Matt Damon gives a masterclass in survival in Ridley Scott's space adventure

In space they can't hear your jokes. Matt Damon without an audience in 'The Martian'

How kind of the boffins at NASA to announce their spectacular discovery of water on Mars this week – giving a timely, real-science boost to the release of Ridley Scott’s The Martian. In truth, the film needs no such assistance. Despite following fast in the warp drive of Gravity, Interstellar and Scott’s own Prometheus, this fabulously entertaining film doesn’t suffer either through space fatigue or by comparison.

It’s day 18 of a manned mission to Mars. Scientists are collecting their samples from a very red desert plain, when a severe storm hits the planet. Commander Melissa Lewis (Jessica Chastain) decides to abandon the mission, but in the tumult of the storm botanist Mark Watney (Matt Damon, pictured below with Chastain) is separated from the group. Assuming he’s dead, and with seconds to spare, his colleagues take off without him.

The window to Damon’s hugely engaging and accessible performance is Watney’s decision to keep speaking to his mission log But Watney is alive. Although with no way to contact NASA and four years to the next Mars mission – on a planet with no food or water – the odds are that he won’t be for much longer.

Adapted from Andy Weir’s novel, Drew Goddard’s nimble script now moves between three points of action: Watney’s efforts on Mars to feed himself and survive the long haul; Earth, where NASA eventually realise they have left a man behind and try to devise a rescue plan; and the space ship that is now returning to Earth, on which Watney’s fellow astronauts are oblivious of his fate.

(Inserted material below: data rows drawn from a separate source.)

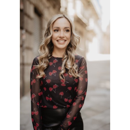 Camiseta de tul con estampado de cerezas y con puntilla en el bajo de las mangas.
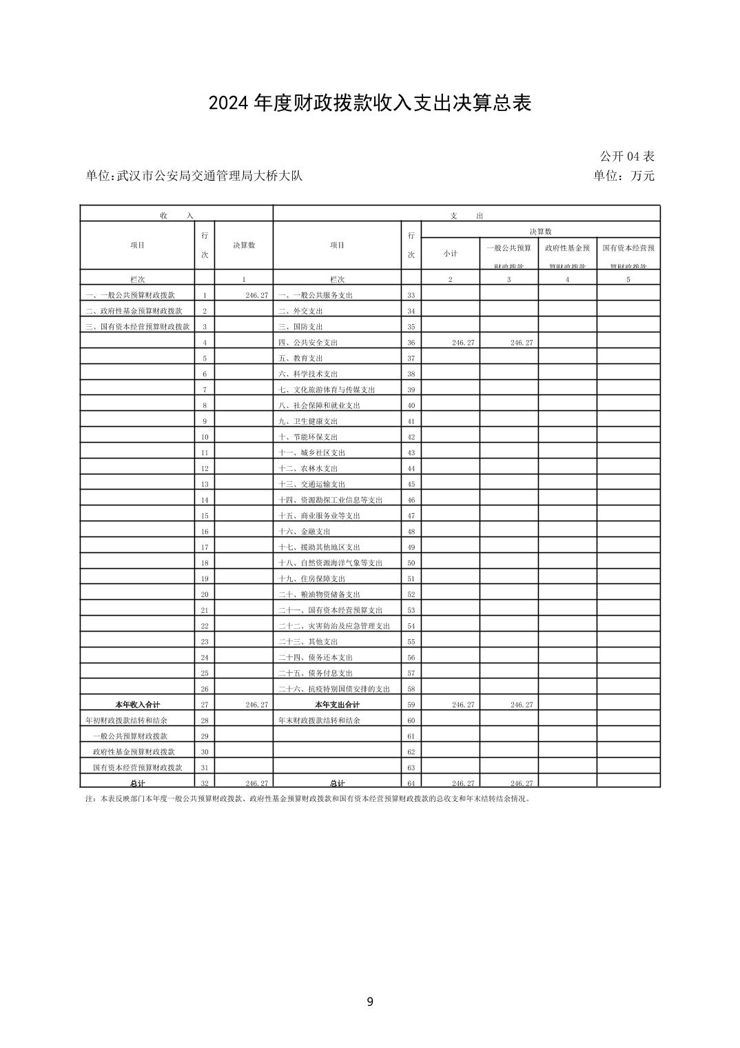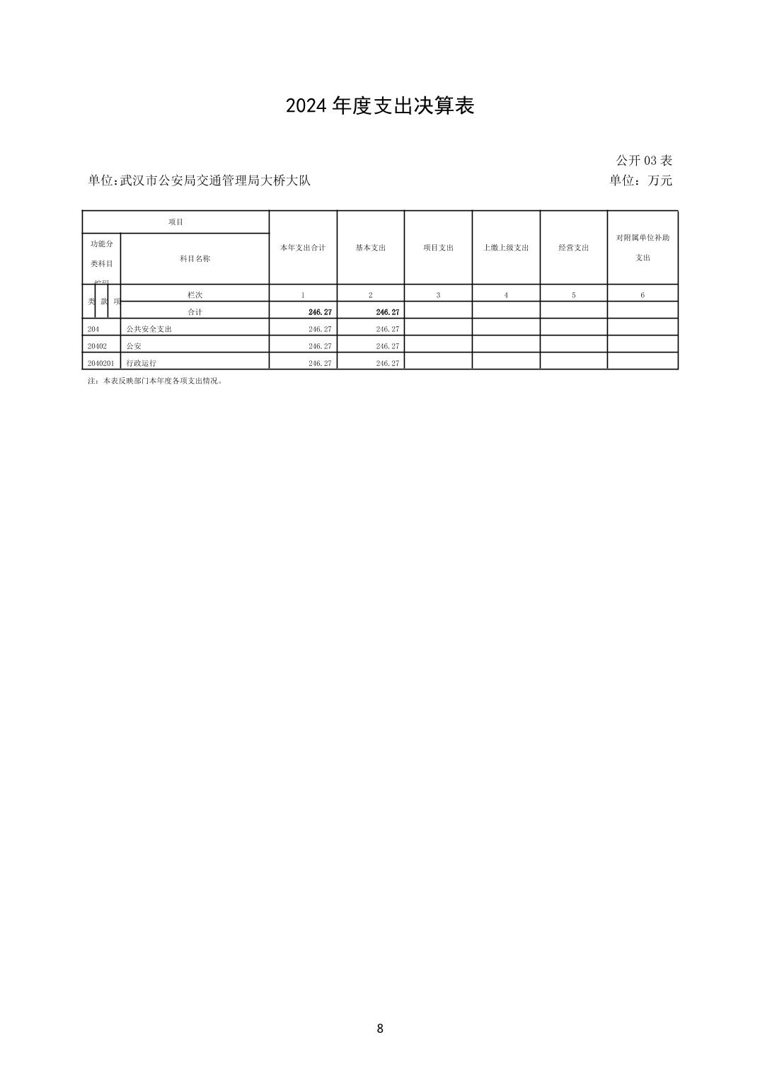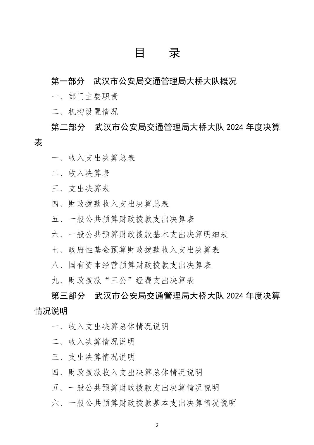 武汉市公安局交通管理局大桥大队2024年度决算公开
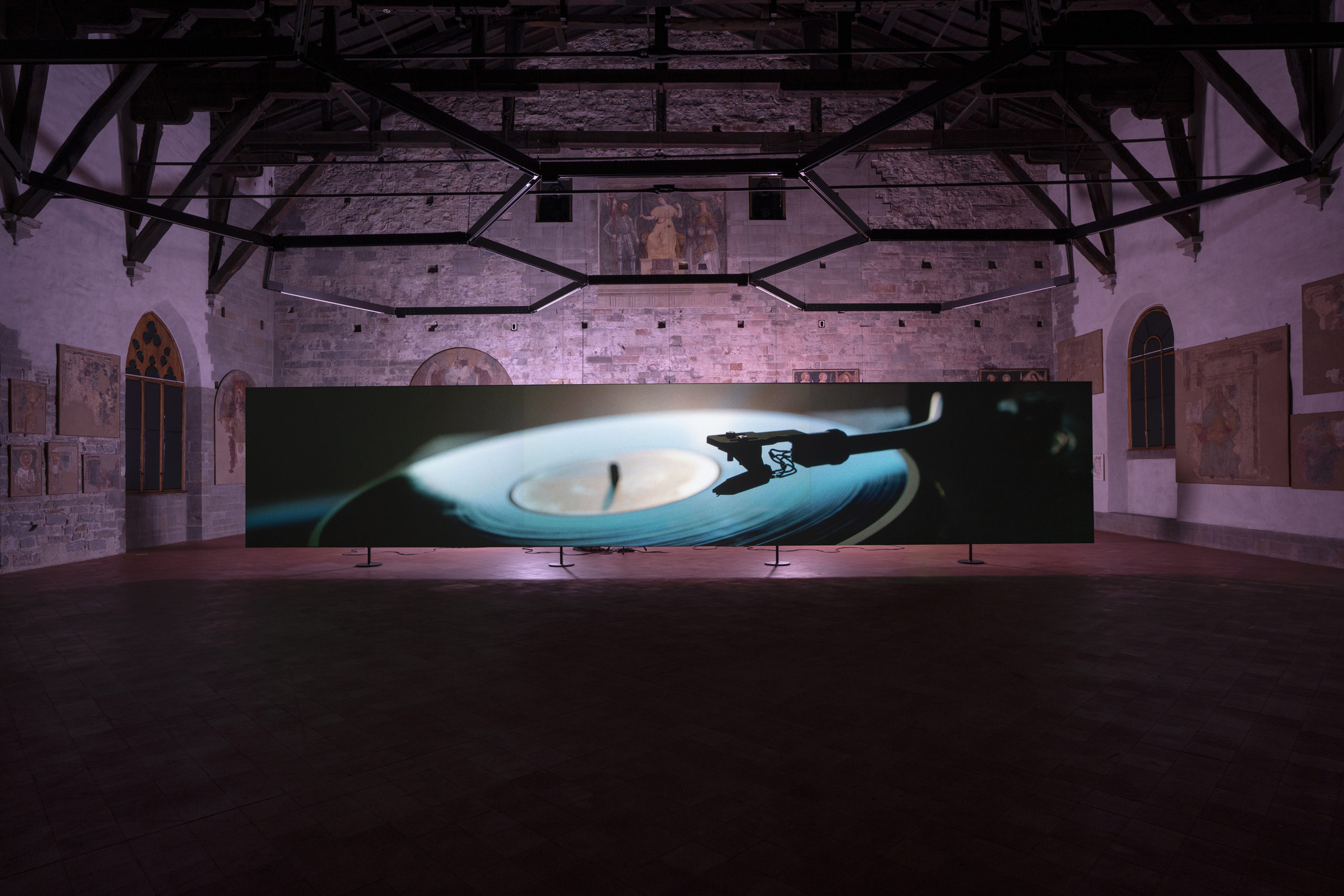 The suspended film and the darkness of the Sala delle Capriate evoke the absence of light and gravity in the universe, the dimension of emptiness in which the record player floats. In the room, the darkness is interrupted at times by flashes of light from lamps positioned to the back of the screen which, following the rhythm of the music, light up the room and, along with it, the paintings and frescoes on the walls. The figures portrayed—among others the Virgin Mary and the city’s patron saints Alexander and Vincent as well as the figure of Justice, and in particular the four minstrel angels who, while intent on playing their instruments (a viola, a cornet, a flute and an organ) appear to dialogue with the four musicians from the Quartet for the End of Time—thus testify to a humanity that exists no more, linking various timeframes, crossing the past, present, and future.

The balance between these three elements is an integral part of the film’s dynamic. Yet the focus is Mars, and Watney. Living in the mission’s laboratory, with its numerous toys and a surface vehicle to assist him, he sets about the business of survival: growing potatoes (using the astronauts' excrement as compost), creating water, finding ingenious ways to send messages across space, sprouting pirate-like facial hair.

The key to the narrative thrust, and the window to Damon’s hugely engaging and accessible performance, is Watney’s decision to keep speaking to his mission log; playing to the camera to keep his spirits up, his indomitable nature and goofy wit shine through. The tone of the whole film is established by the botanist’s reaction soon after realising his predicament. “I’m going to have to science the s*** out of it,” he declares, adding later, “Mars will come to fear my botany powers.”

On Earth, Chiwetel Ejiofor’s mission controller leads the efforts to bring him home, with Jeff Daniels in sanctimonious The Newsroom mode as the NASA boss who isn’t always as helpful as he might be, and Kristen Wiig (pictured below with Ejiofor) in an atypical role as the NASA press officer. On the spaceship, Chastain makes a formidable space captain, who will lead her crew in a game-changing intervention. Interestingly, both Damon and Chastain appeared in Interstellar; this time she gets to join in the action and he gets to play someone rather more heroic.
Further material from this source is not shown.